[Collection entries]
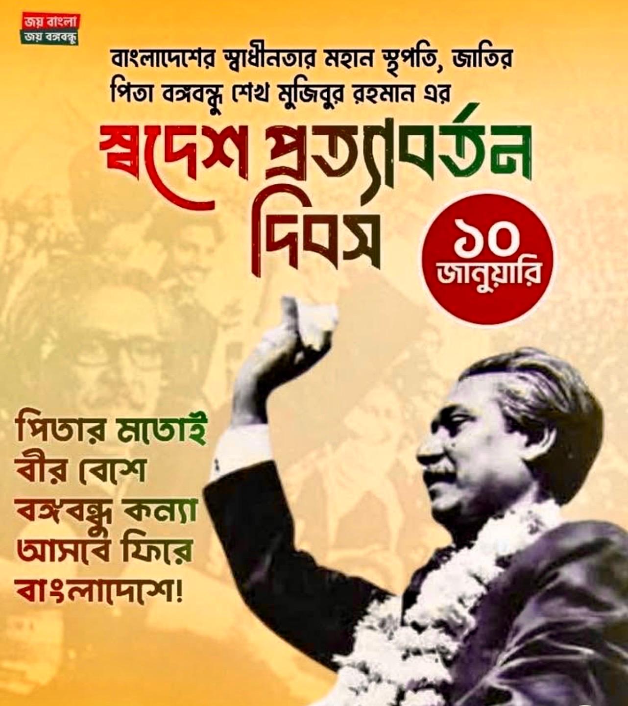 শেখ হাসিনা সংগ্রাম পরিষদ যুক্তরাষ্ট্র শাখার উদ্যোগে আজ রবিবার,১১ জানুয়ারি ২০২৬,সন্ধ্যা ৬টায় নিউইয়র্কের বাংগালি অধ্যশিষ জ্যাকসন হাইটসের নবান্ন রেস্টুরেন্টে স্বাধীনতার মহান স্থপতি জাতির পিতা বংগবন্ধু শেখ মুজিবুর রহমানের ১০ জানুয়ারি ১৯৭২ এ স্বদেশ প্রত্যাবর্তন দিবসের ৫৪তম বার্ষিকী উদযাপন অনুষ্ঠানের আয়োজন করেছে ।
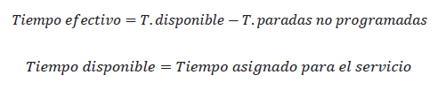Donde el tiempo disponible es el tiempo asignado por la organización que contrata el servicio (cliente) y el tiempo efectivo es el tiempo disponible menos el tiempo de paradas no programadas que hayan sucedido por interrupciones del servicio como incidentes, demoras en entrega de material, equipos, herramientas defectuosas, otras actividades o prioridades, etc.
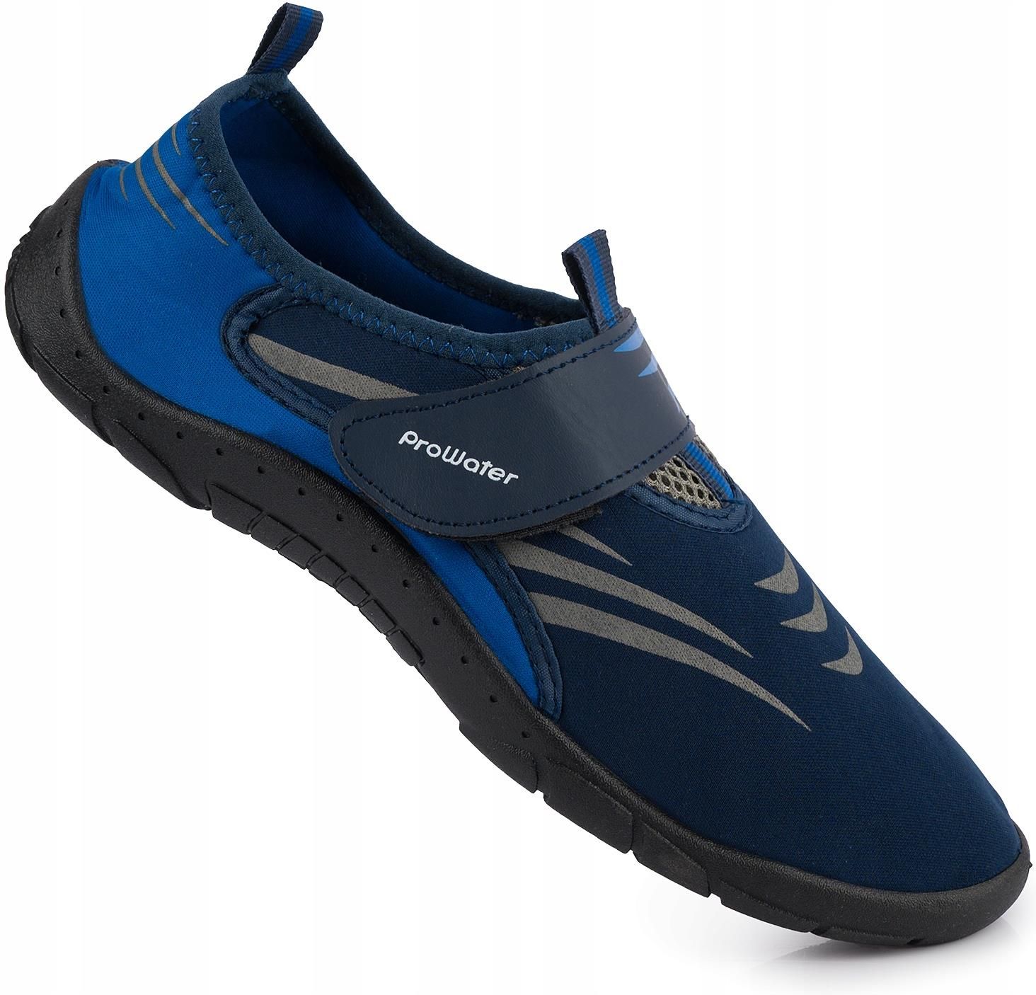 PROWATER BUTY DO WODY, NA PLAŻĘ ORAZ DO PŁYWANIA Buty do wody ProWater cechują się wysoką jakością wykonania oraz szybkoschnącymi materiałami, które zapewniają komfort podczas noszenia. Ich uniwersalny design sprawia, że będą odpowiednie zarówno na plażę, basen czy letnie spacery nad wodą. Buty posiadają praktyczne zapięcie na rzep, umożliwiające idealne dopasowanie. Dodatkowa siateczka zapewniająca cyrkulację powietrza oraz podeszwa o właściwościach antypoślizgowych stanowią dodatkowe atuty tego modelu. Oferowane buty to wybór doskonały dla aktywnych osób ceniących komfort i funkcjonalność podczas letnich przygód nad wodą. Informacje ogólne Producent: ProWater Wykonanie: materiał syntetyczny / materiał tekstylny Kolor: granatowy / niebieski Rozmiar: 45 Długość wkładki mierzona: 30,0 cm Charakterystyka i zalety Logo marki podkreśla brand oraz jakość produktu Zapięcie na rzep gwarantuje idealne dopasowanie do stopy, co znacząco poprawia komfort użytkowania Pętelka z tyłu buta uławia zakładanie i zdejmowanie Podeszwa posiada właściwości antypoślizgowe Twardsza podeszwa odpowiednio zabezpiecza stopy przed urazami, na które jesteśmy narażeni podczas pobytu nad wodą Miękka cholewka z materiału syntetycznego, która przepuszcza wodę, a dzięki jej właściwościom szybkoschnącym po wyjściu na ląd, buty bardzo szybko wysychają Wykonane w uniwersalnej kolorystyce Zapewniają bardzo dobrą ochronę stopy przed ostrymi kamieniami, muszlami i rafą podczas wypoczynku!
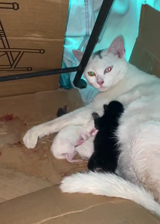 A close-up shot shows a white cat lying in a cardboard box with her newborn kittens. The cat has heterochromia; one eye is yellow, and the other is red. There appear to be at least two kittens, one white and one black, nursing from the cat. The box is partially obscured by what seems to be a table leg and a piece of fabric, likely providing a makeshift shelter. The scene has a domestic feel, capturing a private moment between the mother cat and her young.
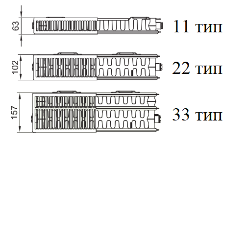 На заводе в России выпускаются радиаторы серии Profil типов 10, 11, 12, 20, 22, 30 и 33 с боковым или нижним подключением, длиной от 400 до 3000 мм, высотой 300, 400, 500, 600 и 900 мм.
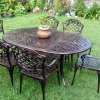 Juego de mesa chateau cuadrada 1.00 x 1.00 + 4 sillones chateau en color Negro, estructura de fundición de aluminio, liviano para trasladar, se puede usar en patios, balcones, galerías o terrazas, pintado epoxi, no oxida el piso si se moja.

WHAT THIS TASK INVOLVES » For this exercise, set down exactly the lines that run from the line holding "На заводе в" to the last line of the records above; include both end lines and omit pictures.

SOLUTION FOR THIS EXERCISE »
 На заводе в России выпускаются радиаторы серии Profil типов 10, 11, 12, 20, 22, 30 и 33 с боковым или нижним подключением, длиной от 400 до 3000 мм, высотой 300, 400, 500, 600 и 900 мм.
 Juego de mesa chateau cuadrada 1.00 x 1.00 + 4 sillones chateau en color Negro, estructura de fundición de aluminio, liviano para trasladar, se puede usar en patios, balcones, galerías o terrazas, pintado epoxi, no oxida el piso si se moja.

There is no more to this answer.